Snowbird Ski Resort
When you drive up Little Cottonwood Canyon, Snowbird (801/933-2222 or 800/232-9542, snow report 801/933-2100, www.snowbird.com, $72 all-day tram and lift ticket) is the first resort you get to. It's about a 40-minute drive from the heart of downtown Salt Lake City. Aside from sheer convenience, Snowbird is known for its great snow—an average of 500 inches a year, and much of that classified as "champagne powder." It's a big, fun place to ski or board, with lots of varied terrain.
Snowbird's owner and developer, Dick Bass, is well known in mountaineering circles as the author of Seven Summits, his account of climbing the highest peak on every continent. He reportedly had the vision for this resort, including the deluxe Cliff Lodge, while he was holed up in a tent on Mount Everest. The soaring 11-story windowed atrium at the sturdy concrete Cliff imparts a sense of openness that was so sorely lacking in that Everest tent. Along with open space and light, Bass also had a vision of a spa.
It was important to Bass to build an environmentally friendly resort, and much effort was taken to preserve trees and improve the quality of the watershed, which had been degraded by mining. Mine tailings were removed and lodges built in their place to avoid harming existing trees and vegetation.
Terrain and Lifts
Snowbird is on the west side of the Wasatch Range, with ski runs mostly on the north face of the mountains. There are three distinct areas to ski at this large and varied resort: Peruvian Gulch, Gad, and—on the back side—Mineral Basin. And, if 2,500 skiable acres aren't enough to keep you busy, you can buy a special lift ticket that allows skiing between Snowbird and neighboring Alta.
Plenty of lifts serve Snowbird, including four high-speed quads and a tram that can ferry up to 125 skiers at a time to the top of Peruvian Gulch. The runs here are long, too, meaning that you don't have to hop a lift every few minutes. Unless it's a powder day (when all the locals call in sick and head for the mountains), lines are rarely a problem, especially midweek. The one place that does get crowded is the tram; lines can be quite long here, especially first thing in the morning and just after lunchtime. But the tram really is the way to get up the mountain quickly, with access to the best territory.
Twenty-seven percent of the runs are classed as beginner, 38 percent intermediate, and 35 percent advanced. Plenty of ungroomed areas lie in the backcountry, too. Snowbird's ski and snowboard schools and separate "bunny hill" make it a good place to learn. The longest run is 3.5 miles and drops 3,200 feet. Guided ski tours of about two hours (free with lift-ticket purchase) leave from the Snowbird Plaza deck daily at 9:30 and 10:30 a.m. and tour mostly blue runs.
Snowboarders can find a terrain park on the Big Emma run, under the Mid-Gad lift. The terrain itself, with lots of natural chutes, lends itself to snowboarding.

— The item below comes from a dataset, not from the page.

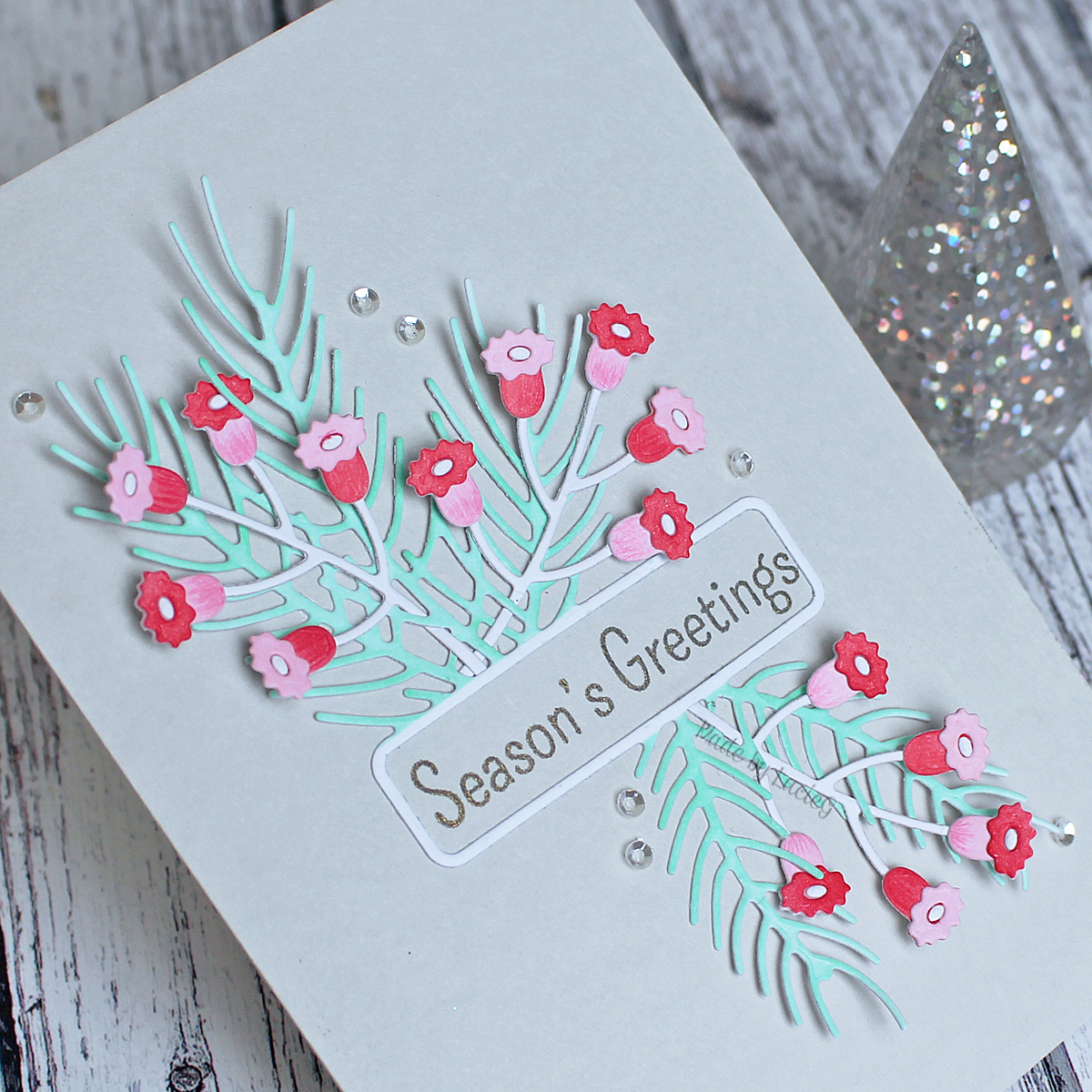 This card came together very quickly – I simply blended some distress ink on my card base, adhered the die cut and then added a Tonic die cut sentiment cut from holographic paper (so difficult to photograph!) and a few little stars!

Skiers and snowboarders alike should be sure to check out the Mineral Basin area. Reach it by taking the tram to the top of Hidden Peak (11,000 feet) and then heading over to the back side of the mountain, or by riding the Peruvian Express lift and then riding a "magic carpet" through a 600-foot-long tunnel to Mineral Basin. Two high-speed quads serve a great network of runs on this side of the mountain.
Wasatch Powderbird Guides (801/742-2800, www.powderbird.com) offers helicopter skiing in the peaks above the regular runs; rates run around $1,000.
Snowbird also offers a number of adaptive ski programs (www.wasatchadaptivesports.com). Sit-skis, mono-skis, and outriggers make skiing possible for athletes with mobility impairments. Instruction and programs are available for both children and adults.
In addition to its ski school, Snowbird offers rentals, a wide selection of shops, restaurants, snack bars, four lodges, swimming pools, health spa, and child-care services.
The exceptionally long season at Snowbird runs mid-November through May, though many lifts close by May 1. Even confirmed Alta skiers head to Snowbird for their late spring skiing.
Standard lift tickets (including the tram) cost $72. Forego the tram and your ticket price drops to $62; add access to Alta's lifts and you'll pay $85. Seniors pay $59 for tram and chairlift access; two children 6 and under can ski free with each adult (lifts only; $15 for a pass that includes the tram). Half-day and multiday passes are also available.
Snowbird offers a full array of family recreation and resort facilities to summer visitors. All lodging, spa, and recreational facilities remain open, as do many restaurants and retail outlets.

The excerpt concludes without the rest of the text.